Every line below needs to be transcribed without alteration, and no image may be carried over.

- **Data block**:
*-*-*
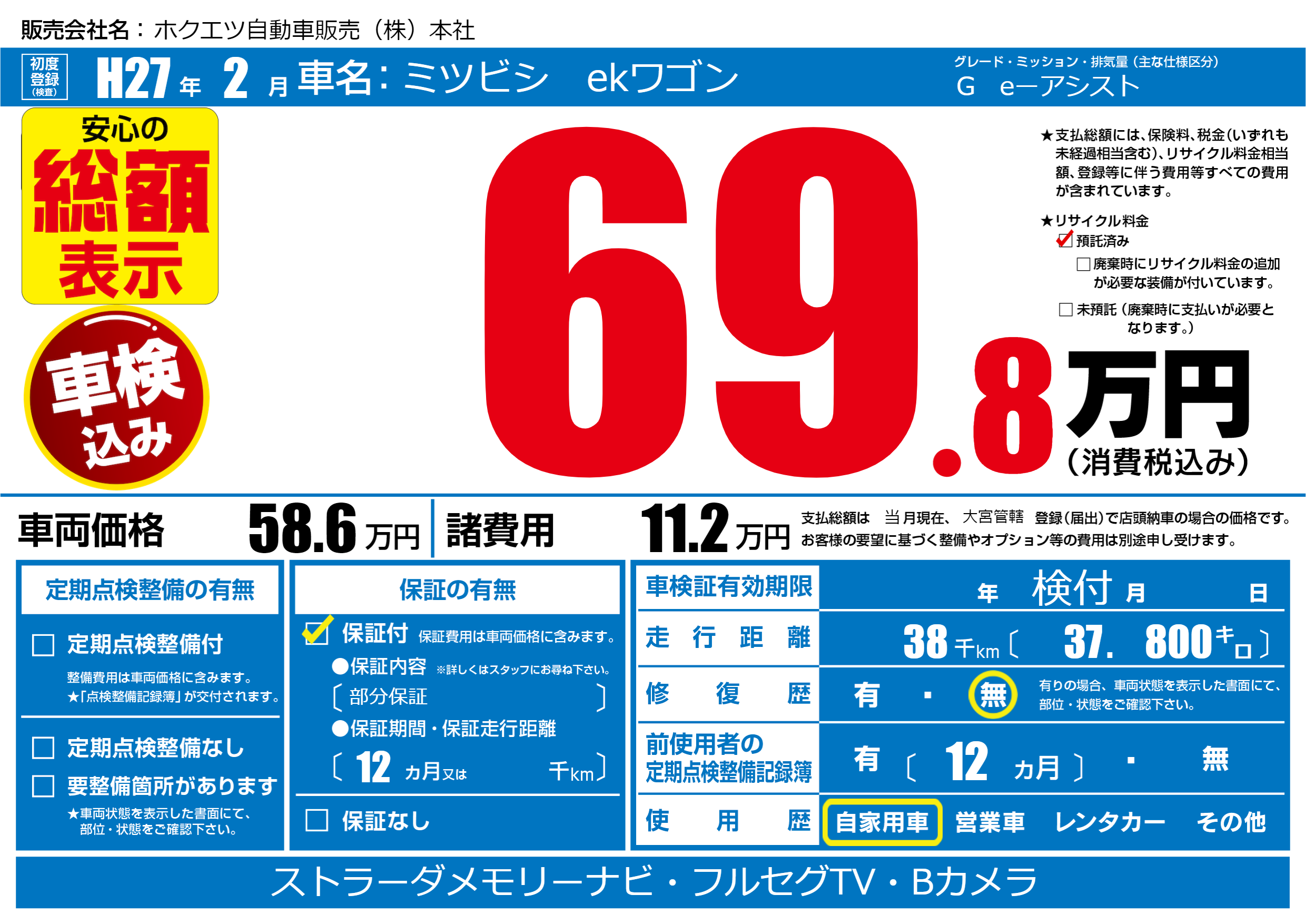 | 走行キロ | 3.8万km | ||
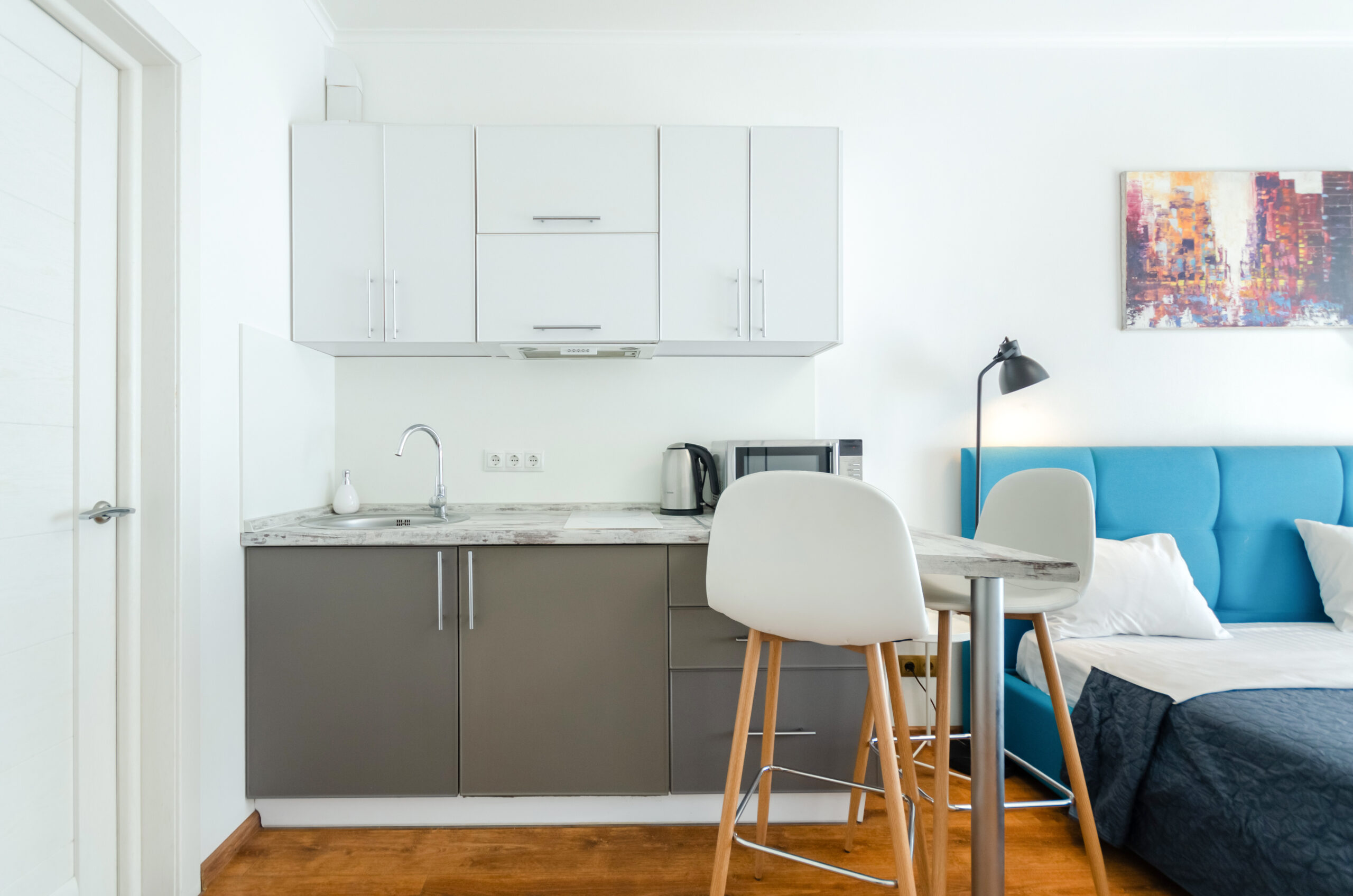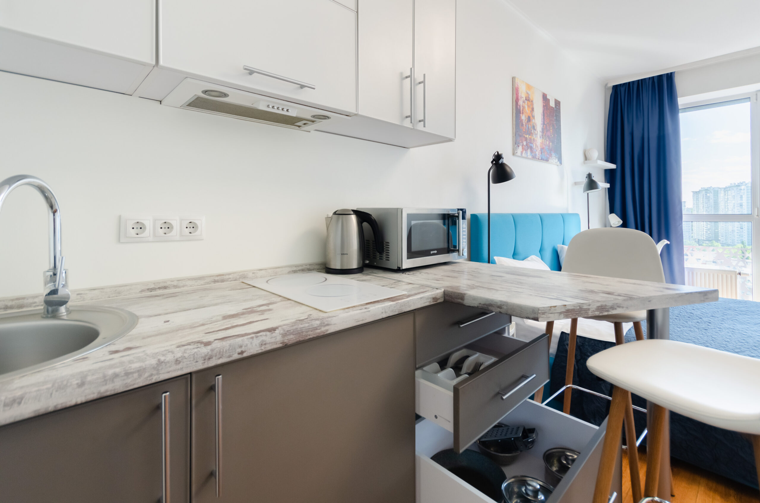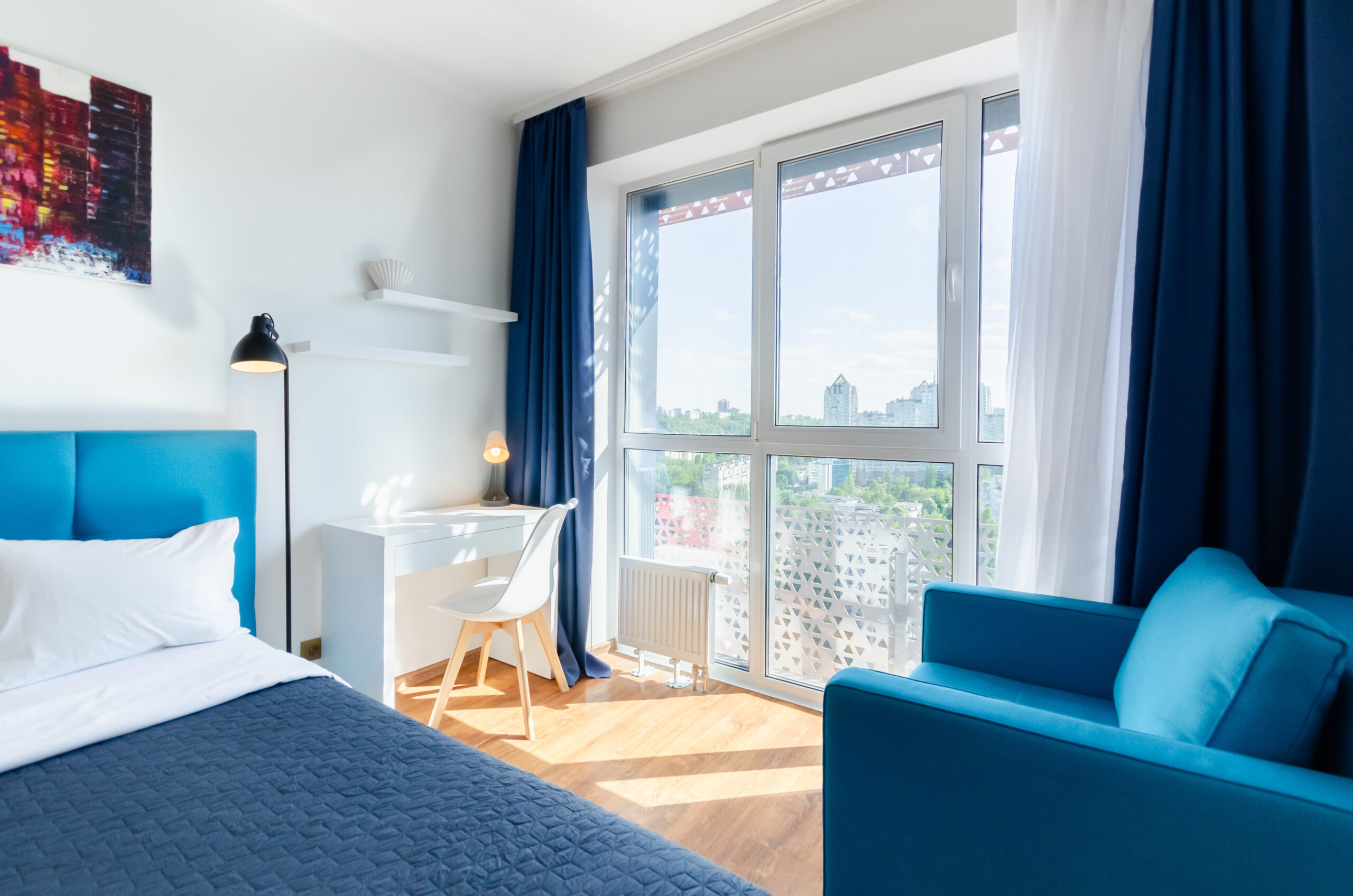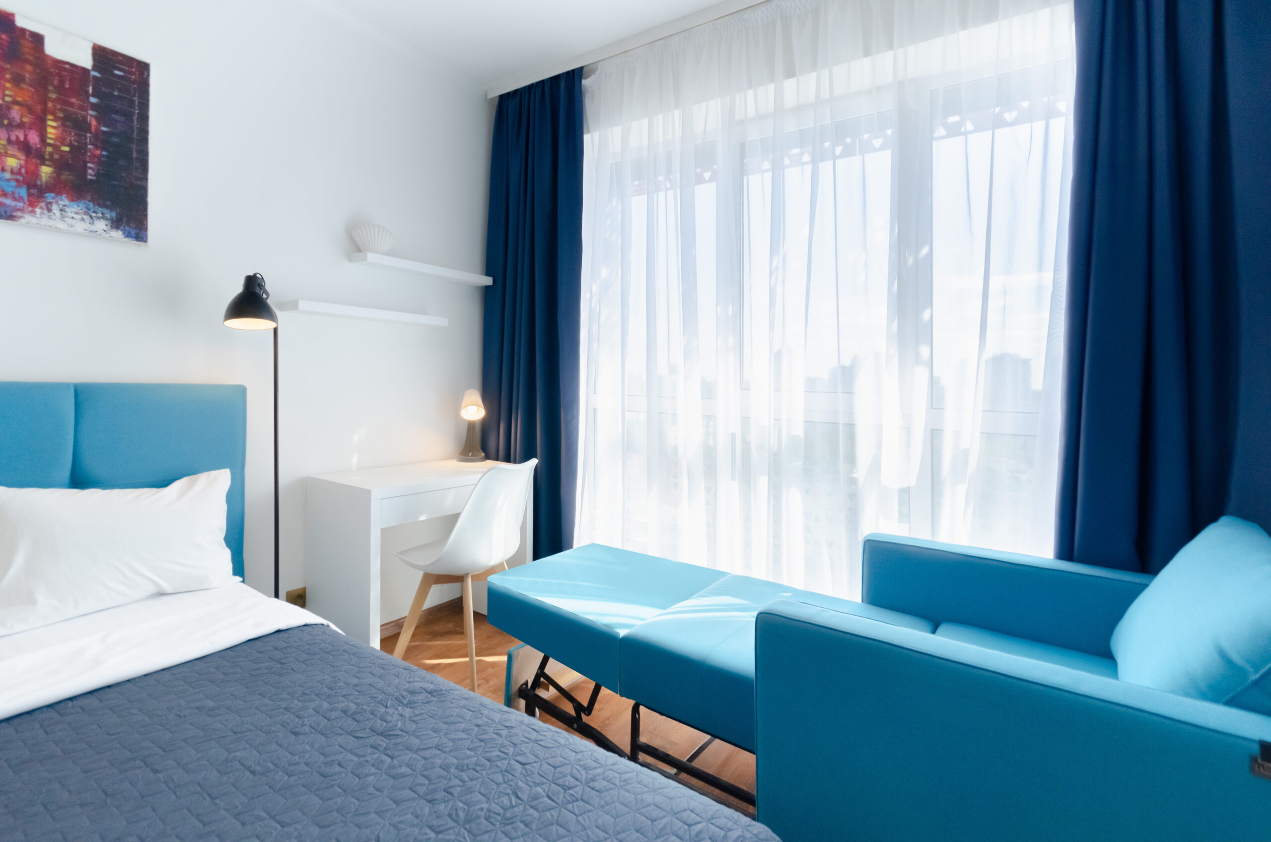 Mini studio in blue colors in residential complex ‘Kvartet’
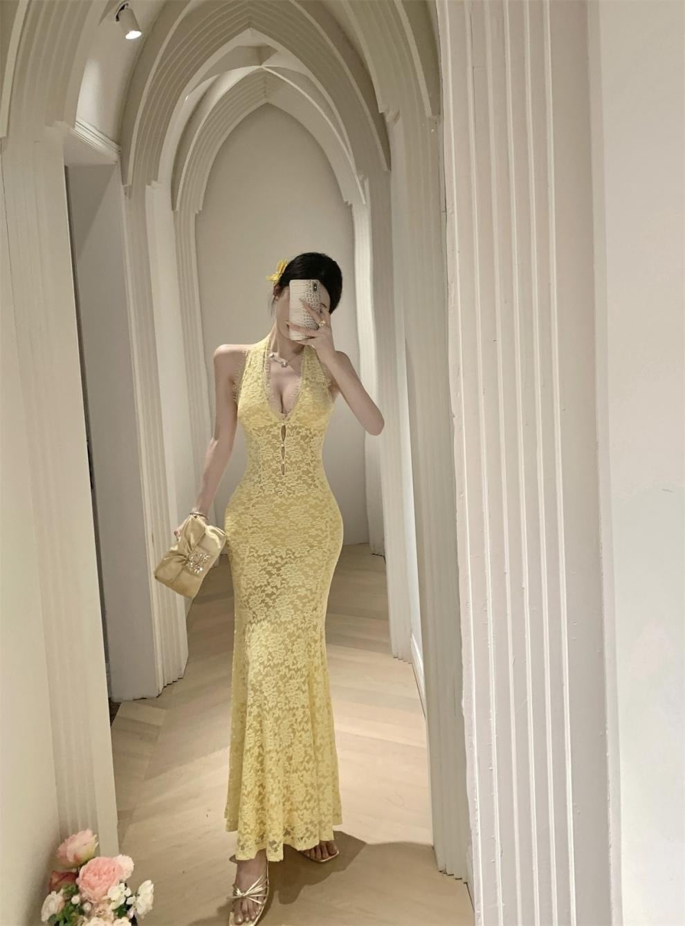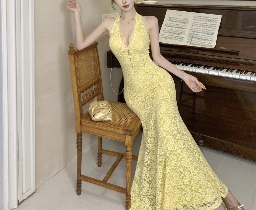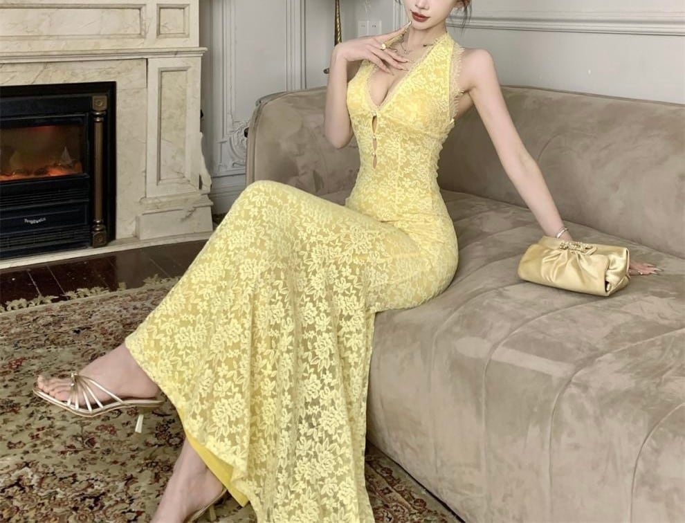 【視線を惹きつける、ホルターネックロングワンピース】
*-*-*
- **Your response**:
 | 走行キロ | 3.8万km | ||
 Mini studio in blue colors in residential complex ‘Kvartet’
 【視線を惹きつける、ホルターネックロングワンピース】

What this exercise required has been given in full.